Should an entry contain an image, omit it and repeat the rest exactly.

:::::

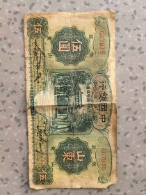 民国原版老纸币原票。中国银行山东5元伍圆。无字规。包老保真怀旧特价处理
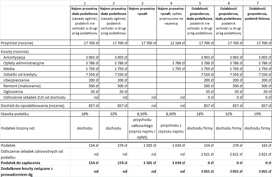 Z powyższego oszacowania wynika, że w tym konkretnym przypadku podatek do zapłacenia przy rozliczaniu najmu w ramach działalności gospodarczej będzie zerowy (bo można od podatku odliczyć składki na ubezpieczenia zdrowotne). Jeśli jednak doliczyć do tego dodatkowe koszty związane z prowadzeniem działalności gospodarczej (które przy rozliczaniu poprzez najem prywatny nie występują), to na pewno nie będzie to dobra opcja. W rezultacie z naszego oszacowania wynika, że najlepiej w tym wypadku skorzystać z rozliczenia w ramach najmu prywatnego według skali podatkowej (na zasadach ogólnych).
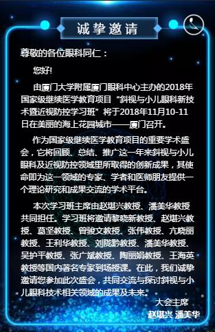 2018年厦门眼科中心继教项目斜视与小儿眼科新技术暨近视防控学习班将于11月10日在厦门举行。
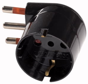 ADATTATORE PRESA SHUKO 90° - SPINA TRIPOLARE 10A. Con spina 10A e presa schuko. PORTATA:10A-250V. POTENZA MAX:1500 W. CORPO:tecnopolimero. PER PRESE PANN.:28/1046. PER SPINA SCHUKO:28/1048. Colore: Bianco.
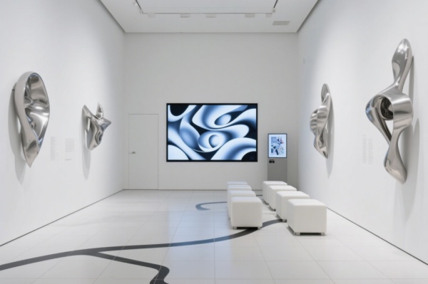當藝術(shù)掙脫想象的繭房,以空間為畫布肆意生長,便有了這些令人沉醉的展廳現(xiàn)場。從冷峻金屬線條編織的現(xiàn)代夢境,到暖黃墻面暈染的田園詩意;從多彩光影嬉戲的時尚展臺,到經(jīng)典配色里迸發(fā)的藝術(shù)張力 —— 四個風(fēng)格迥異的展廳,正以各自獨特的「語言」,訴說藝術(shù)的無限可能。準備好跟隨我們的鏡頭,推開這扇通往藝術(shù)奇旅的門,沉浸式捕捉每一寸靈感閃光 ,一起解鎖展廳里的藝術(shù)密碼。

:::::

→ **RESULT**:
 民国原版老纸币原票。中国银行山东5元伍圆。无字规。包老保真怀旧特价处理
 Z powyższego oszacowania wynika, że w tym konkretnym przypadku podatek do zapłacenia przy rozliczaniu najmu w ramach działalności gospodarczej będzie zerowy (bo można od podatku odliczyć składki na ubezpieczenia zdrowotne). Jeśli jednak doliczyć do tego dodatkowe koszty związane z prowadzeniem działalności gospodarczej (które przy rozliczaniu poprzez najem prywatny nie występują), to na pewno nie będzie to dobra opcja. W rezultacie z naszego oszacowania wynika, że najlepiej w tym wypadku skorzystać z rozliczenia w ramach najmu prywatnego według skali podatkowej (na zasadach ogólnych).
 2018年厦门眼科中心继教项目斜视与小儿眼科新技术暨近视防控学习班将于11月10日在厦门举行。
 ADATTATORE PRESA SHUKO 90° - SPINA TRIPOLARE 10A. Con spina 10A e presa schuko. PORTATA:10A-250V. POTENZA MAX:1500 W. CORPO:tecnopolimero. PER PRESE PANN.:28/1046. PER SPINA SCHUKO:28/1048. Colore: Bianco.
當藝術(shù)掙脫想象的繭房,以空間為畫布肆意生長,便有了這些令人沉醉的展廳現(xiàn)場。從冷峻金屬線條編織的現(xiàn)代夢境,到暖黃墻面暈染的田園詩意;從多彩光影嬉戲的時尚展臺,到經(jīng)典配色里迸發(fā)的藝術(shù)張力 —— 四個風(fēng)格迥異的展廳,正以各自獨特的「語言」,訴說藝術(shù)的無限可能。準備好跟隨我們的鏡頭,推開這扇通往藝術(shù)奇旅的門,沉浸式捕捉每一寸靈感閃光 ,一起解鎖展廳里的藝術(shù)密碼。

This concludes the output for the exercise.